Top of THE DATA
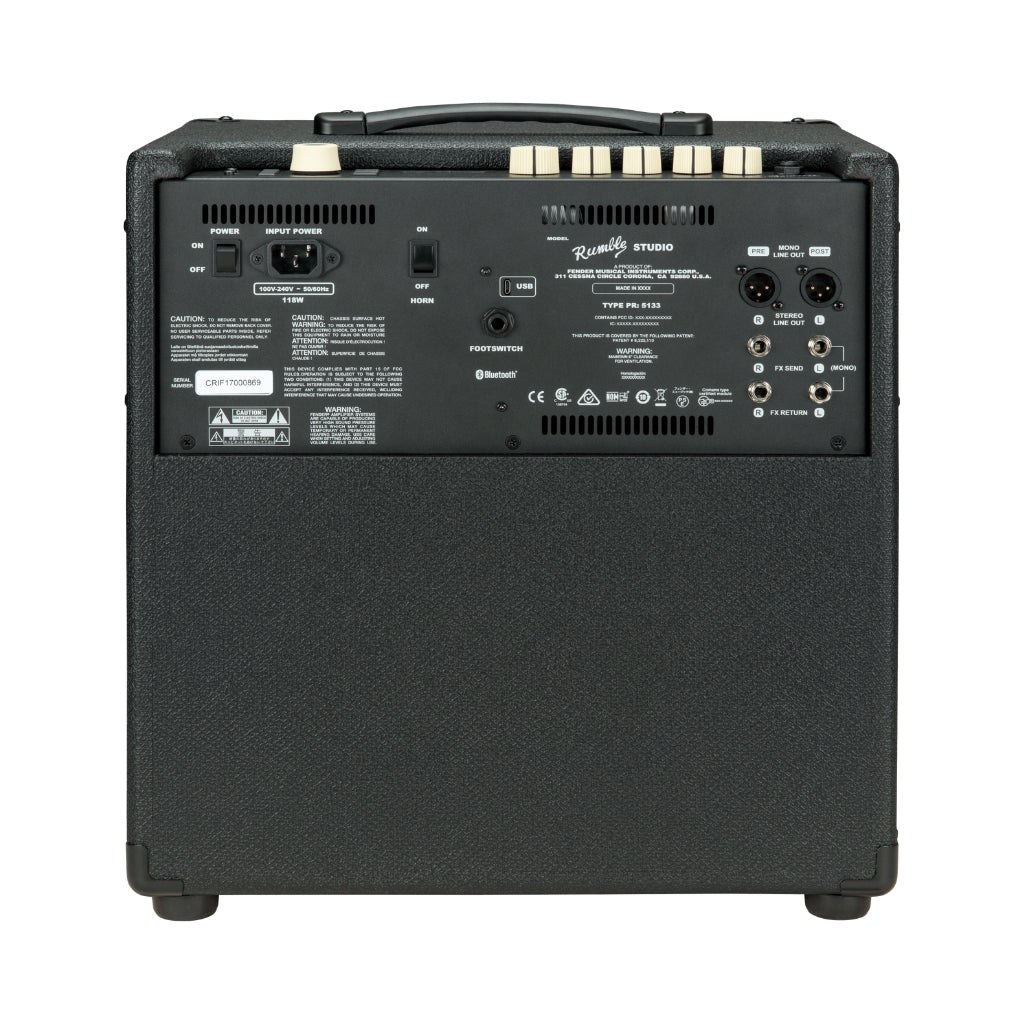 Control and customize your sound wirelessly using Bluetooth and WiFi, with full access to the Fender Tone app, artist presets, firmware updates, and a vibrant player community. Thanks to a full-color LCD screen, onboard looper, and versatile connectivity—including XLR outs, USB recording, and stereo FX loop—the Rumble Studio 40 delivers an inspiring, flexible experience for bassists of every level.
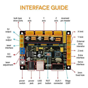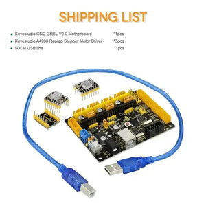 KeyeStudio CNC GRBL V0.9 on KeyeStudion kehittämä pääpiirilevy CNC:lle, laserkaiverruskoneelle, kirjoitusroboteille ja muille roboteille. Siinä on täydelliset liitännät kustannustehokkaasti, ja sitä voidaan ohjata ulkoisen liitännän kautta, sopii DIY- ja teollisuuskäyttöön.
Bottom of THE DATA
Top of THE DATA
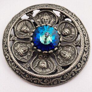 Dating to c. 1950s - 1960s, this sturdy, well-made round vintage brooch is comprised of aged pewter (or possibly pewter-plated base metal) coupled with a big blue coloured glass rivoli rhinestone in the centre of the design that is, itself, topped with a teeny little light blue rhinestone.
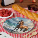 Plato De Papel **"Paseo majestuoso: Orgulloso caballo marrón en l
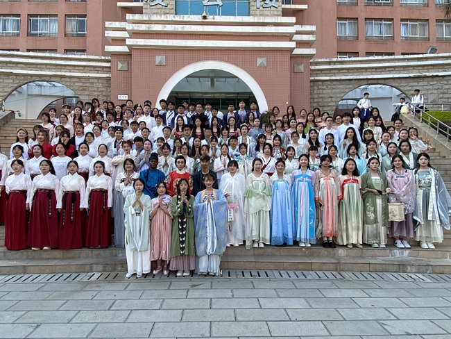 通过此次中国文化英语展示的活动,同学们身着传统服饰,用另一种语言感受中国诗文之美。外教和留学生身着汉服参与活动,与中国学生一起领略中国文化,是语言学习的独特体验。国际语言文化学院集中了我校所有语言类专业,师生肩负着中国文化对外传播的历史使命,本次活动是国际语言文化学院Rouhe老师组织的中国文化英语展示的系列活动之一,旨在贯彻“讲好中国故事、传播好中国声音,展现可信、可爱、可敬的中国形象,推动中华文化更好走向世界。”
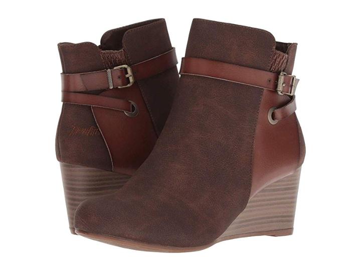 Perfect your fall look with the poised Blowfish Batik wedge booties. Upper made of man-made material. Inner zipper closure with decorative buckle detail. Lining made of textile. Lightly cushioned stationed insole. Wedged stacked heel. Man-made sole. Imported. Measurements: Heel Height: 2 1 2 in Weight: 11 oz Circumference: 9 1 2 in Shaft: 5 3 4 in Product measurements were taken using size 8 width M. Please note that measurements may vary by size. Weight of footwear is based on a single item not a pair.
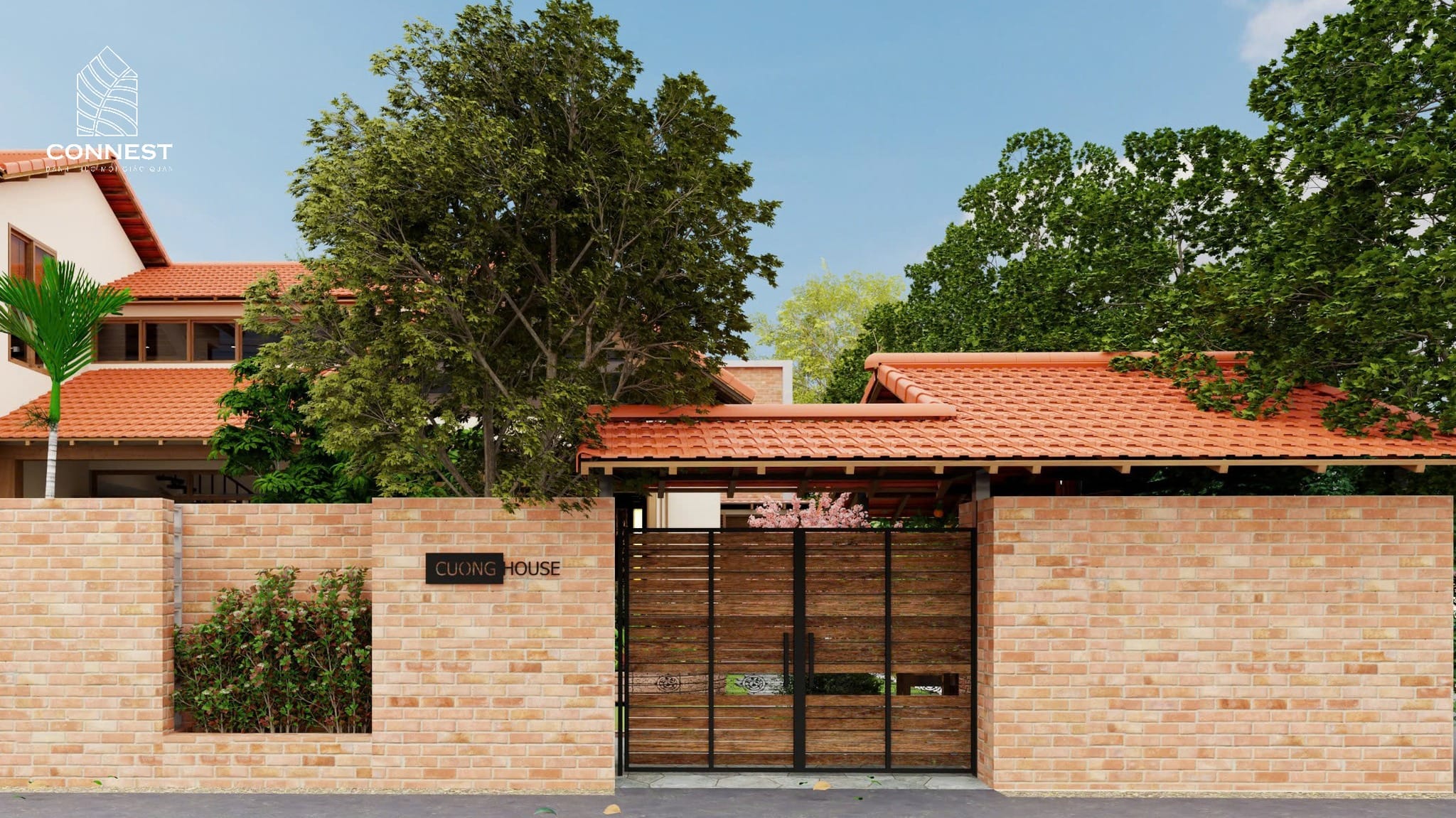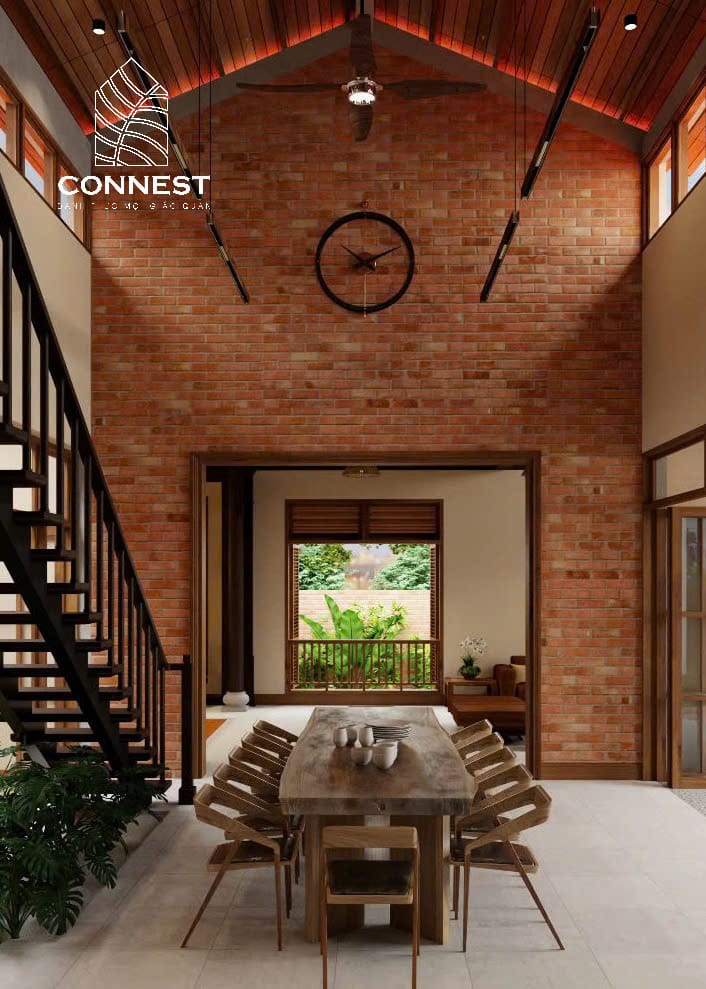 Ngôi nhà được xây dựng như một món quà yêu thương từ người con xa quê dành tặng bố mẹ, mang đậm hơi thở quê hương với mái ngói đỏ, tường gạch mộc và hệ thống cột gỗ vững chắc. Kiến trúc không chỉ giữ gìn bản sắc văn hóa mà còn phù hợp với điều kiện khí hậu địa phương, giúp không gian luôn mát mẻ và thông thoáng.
Bottom of THE DATA
WHAT THE EXERCISE ASKS ▸ Return the stretch of data that begins with the line showing "Control and customize" and goes on through the line showing "KeyeStudio CNC GRBL", exactly, with pictures removed.

ANSWER TO THE EXERCISE ▸
 Control and customize your sound wirelessly using Bluetooth and WiFi, with full access to the Fender Tone app, artist presets, firmware updates, and a vibrant player community. Thanks to a full-color LCD screen, onboard looper, and versatile connectivity—including XLR outs, USB recording, and stereo FX loop—the Rumble Studio 40 delivers an inspiring, flexible experience for bassists of every level.
 KeyeStudio CNC GRBL V0.9 on KeyeStudion kehittämä pääpiirilevy CNC:lle, laserkaiverruskoneelle, kirjoitusroboteille ja muille roboteille. Siinä on täydelliset liitännät kustannustehokkaasti, ja sitä voidaan ohjata ulkoisen liitännän kautta, sopii DIY- ja teollisuuskäyttöön.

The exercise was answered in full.